Why Growth Can Hit a Ceiling, and how fuelling future demand unlocks the next phase of growth
It’s our fault. As an industry, we’ve built a trap… and many businesses are now stuck inside it.
We’ve moved from an era where data was scarce and difficult to access, to one where we’re completely overwhelmed by it. Measurement was rightly designed to make marketing more accountable and effective. Instead, in the pursuit of certainty, it has quietly narrowed how growth is defined and potentially limited how far businesses can scale.
What started as optimisation has become the sole focus.
The Performance Paradox
Over the last few years, I’ve seen a recurring trend: clients across the board, but especially in finance, attempting to tie every single penny back to direct conversion. I’ve even been asked to forecast a Cost Per Acquisition (CPA) for OOH and sponsorships.
When ROI dips or conversions slow down, the instinct is to double down on bottom-of-the-funnel activity. On paper, this feels logical. In reality, it often creates a “Performance Growth Ceiling.”
Instead of unlocking scale, businesses begin to see:
- Rapidly increasing CPAs as the immediately available market is exhausted
- Lower-quality or irrelevant traffic being forced through the funnel
- Declining ROI – the exact opposite of the original goal!
The 95:5 Rule
To break through this ceiling, we have to distinguish between Current Demand and Future Demand.
Current Demand (5%): These are the people actively researching or ready to buy right now.
Future Demand (95%): These are the people who aren’t in the market today but will be in months or years.
Brand activity isn’t just about awareness or other metrics, it’s about fuelling future demand. This means building familiarity and mental availability long before a buying decision is triggered. This simplified way to reframe brand activity highlights to key stakeholders why the long-term matters.
Especially in B2B or high-consideration sectors, 95% of your target market is currently “out-of-market.” They are living their lives, not searching for your category, and therefore not thinking about your competitors.
Moving Beyond the “Race to the Bottom”
If you solely increase performance budgets, you are fighting a war over that 5% sliver of the pie. Without building mental availability (the likelihood of a brand coming to mind in a buying situation) you are entering a race to the bottom against every competitor chasing the same leads and effectively increasing the cost to win on your own brand terms in bottom of the funnel channels.
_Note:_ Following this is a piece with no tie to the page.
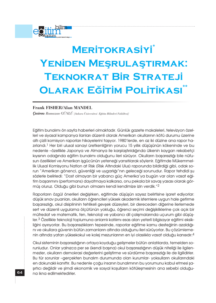 Meritokrasiyi* Yeniden Meflrulaflt›rmak: Teknokrat Bir Strateji Olarak E¤itim Politikas›** Frank FISHER/Alan MANDEL Çeviren: Ramazan GÜNLÜ (Ankara Üniversitesi E¤itim Bilimleri Fakültesi) E¤itim bunal›m› ön sayfa haberleri olmaktad›r. Günlük gazete makaleleri, televizyon özelleri ve siyasal kampanya ilanlar› düzenli olarak Amerikan okullar›n›n kötü durumu üzerine alt› çizili komisyon raporlar› hikayelerini tafl›yor. 1980’lerde, en az iki düzine ana rapor haz›rland›.1 Her biri ulusal sanayi üretkenli¤inin yorucu 15 y›ll›k düflüflünün kökeninde ve bu nedenle –özellikle Japonya ve Almanya ile karfl›laflt›r›ld›¤›nda ülkenin kaygan rekabetçi k›y›s›n›n oda¤›nda e¤itim bunal›m› oldu¤unu ileri sürüyor. Okullar›n baflar›s›zl›¤› bile nüfusun özellikleri ve Amerikan iflgücünün yetene¤i yans›t›larak söylenir. E¤itimde Mükemmellik Ulusal Komisyonu Nation at Risk (Risk Alt›ndaki Ulus) raporunda bildirdi¤i gibi, odak sorun “Amerikan gönenci, güvenli¤i ve uygarl›¤›”n›n gelece¤i sorunudur. Rapor tehdidi flu sözlerle belirledi: “Dost olmayan bir yabanc› güç Amerika’ya bugün var olan vasat e¤itim baflar›m›n› (performans) dayatmaya kalkarsa, onu pekala bir savafl yasas› olarak görmüfl oluruz. Oldu¤u gibi bunun olmas›n› kendi kendimize izin verdik.”2 Raporlar›n özgül önerileri de¤iflirken, e¤itimde düflüflün say›s›z belirtisine iflaret ediyorlar: düflük s›nav puanlar›, okullar›n ö¤rencileri yüksek akademik istemlere uygun hale getirme baflar›s›zl›¤›, okul disiplininin tehlikeli gevflek düzeyleri, bir dereceden di¤erine ilerlemede sert ve düzenli uygulama ölçütünün yoklu¤u, ö¤renci seçimi de¤iflikliklerine çok aç›k bir müfredat ve matematik, fen, teknoloji ve yabanc› dil çal›flmalar›nda uçurum gibi düflüfller.3 Özellikle teknoloji toplumuna anlaml› kat›l›m› esas alan yeterli bilgisayar e¤itimi eksikli¤ini ay›r›yorlar. Bu baflar›s›zl›klar›n tepesinde, raporlar e¤itime kamu deste¤inin azald›¤›n› ve okullara güvenin bütün zamanlar›n alt›nda oldu¤unu ileri sürüyorlar. Bu çözümlemenin alt›nda yatan yüksekokul ve kolej mezunlar›n›n en iyi olas›l›kla vasat oldu¤u kan›s›d›r.4 64 Okul sisteminin baflar›s›zl›¤›n›n ortaya koydu¤u geliflmeler bütün anlat›larda, temelden sorunludur. Onlar yaln›zca per se (kendi bafl›na) okul baflar›s›zl›¤›n›n düflük niteli¤i ile ilgilenmezler, okullar›n demokrasi de¤erlerini gelifltirme ve sürdürme baflar›s›zl›¤› ile de ilgilidirler. Bu tür sorunlar –gerçekten bunal›m durumunda olan kurumlar- yoksullar›n okullar›ndaki en dokunakl› kan›tt›r. Bu nedenle ço¤u insan›n bunal›m›n›n bu yorumunu kabul etmesi flafl›rt›c› de¤ildir ve flimdi ekonomik ve sosyal koflullar›n kötüleflmesinin ana sebebi oldu¤una ikna edilmektedirler. Raporlar›n arad›¤› fley ulusal uzlaflma çevresinde kurulan kapsaml› e¤itim düzeltimidir (reform). Bu hedefe do¤ru “mükemmelin” dili uzlaflma aray›fl›n› yönlendirme çerçevesi olarak ortaya konulmaktad›r. Mükemmellik high-tech (yüksek teknoloji toplumu) Amerika’n›n gelece¤ini tehdit eden derin s›tmay› iyilefltirmeyi tasarlayan düzenleyici meritokratik düzeltim (reform) ideolojisi olarak ortaya ç›kt›.5 Bununla birlikte, mükemmellik retori¤inin alt›nda yatan e¤itimin gelifltirilmesi ile son verilecek yabanc› özel ç›karlar› için bunal›m›n› araçsallaflt›rma giriflimidir. Düzeltim stratejisinin elefltirisel çözümlemesinin dayana¤› onun dayand›¤› sorunlu varsay›mlar› incelemesidir. Burada sorun olan fley kendi bafl›na (per se) e¤itim bunal›m› de¤il, fakat daha çok onun tan›m› ve varsayd›¤› fleydir. Raporlar›n en önemli çal›flma varsay›mlar›n› düflünün. Kabul edilmifl e¤itim bunal›m› çiziminde hiçbir fley ö¤rencilere high-tech Amerika’y› baflarmada gerekli beceri türlerini sa¤layacak okul baflar›s›zl›klar›ndan daha önemli bir rol oynamaz. Okullar›n iflyerine giden bir yol olma zorunlulu¤u düzeltim ideolojisine özgü uzun erimli bir inançt›r. Yani, modern e¤itimin temel ifllevinin ö¤rencilere uygun ifl becerileri ve iflle ilgili de¤erler ve tutumlar sa¤lamak oldu¤u varsay›lmaktad›r. Komisyon raporlar›na göre, high-tech dünyan›n zorunluluklar›na duyars›z olan Amerikan okullar› bu rolü yerine getirmiyor. Bununla birlikte, komisyonlar›n gerçekleri sorgulanabilir. Oysa raporlar tipik olarak hightech yetifltirme gereksinimini varsayarken, emek piyasas› üzerine son çal›flmalar kökten farkl› bir resim çiziyor. Ço¤u ifl art›fl› en az beceri gerektiren alanlarda ortaya ç›k›yor- özellikle bu ifller ekonominin geniflleyen hizmet kesiminde bulunuyor. Çal›flma ‹statistikleri Bürosu, örne¤in high-tech sanayiler en genifl anlamda tan›mlansa bile, onlar›n “1995’te yeni ifllerin yaln›zca küçük bir oran›n› kapsad›¤›n›” gösteriyor.6 Büro 23.4 ila 28.6 milyon aras›nda yeni iflin 1982-1995 aras›nda yarat›laca¤›n› ileri sürüyor. Bunlar›n yaln›zca 1.0 ila 4.6 milyon aras›nda olanlar›n›n high-tech sanayilerde olaca¤› kestirilmektedir.7 En çarp›c› olarak, inflaat bekçileri, kasiyer, sekreter, mutfak yard›mc›s›, koruma ve kap›c›lar gibi ifl kategorilerindeki art›fl bilgisayar sistemleri çözümleyicisi, programc› ve hatta bilgisayar iflletmeni gibi alanlardaki toplam ifl art›fl› yüzdesinin hepsinin üstündedir.8 Hatta daha temelde e¤itim ile ifl becerileri aras›ndaki son derece belirsiz iliflkiyi kavrama baflar›s›zl›¤› vard›r. Asl›nda, hiçbir vaat modern e¤itim ideolojilerine e¤itimin özellikle ileri teknoloji toplumlar›nda ekonomik geliflm

It’s important to note that brand activity can still deliver short-term wins, however its real power lies in priming the 95%. By the time those customers move into the 5%, you should already have mental real estate.
If you only harvest what’s ripe today, you eventually starve. Growth strategies should be treated like ecosystems, not extraction tools.
True growth isn’t found by just squeezing the last drop out of the 5% who are ready to buy; it’s found by nurturing and winning amongst the 95% who haven’t even started looking yet.
If this is done right, you can fund the future and watch the ceiling disappear.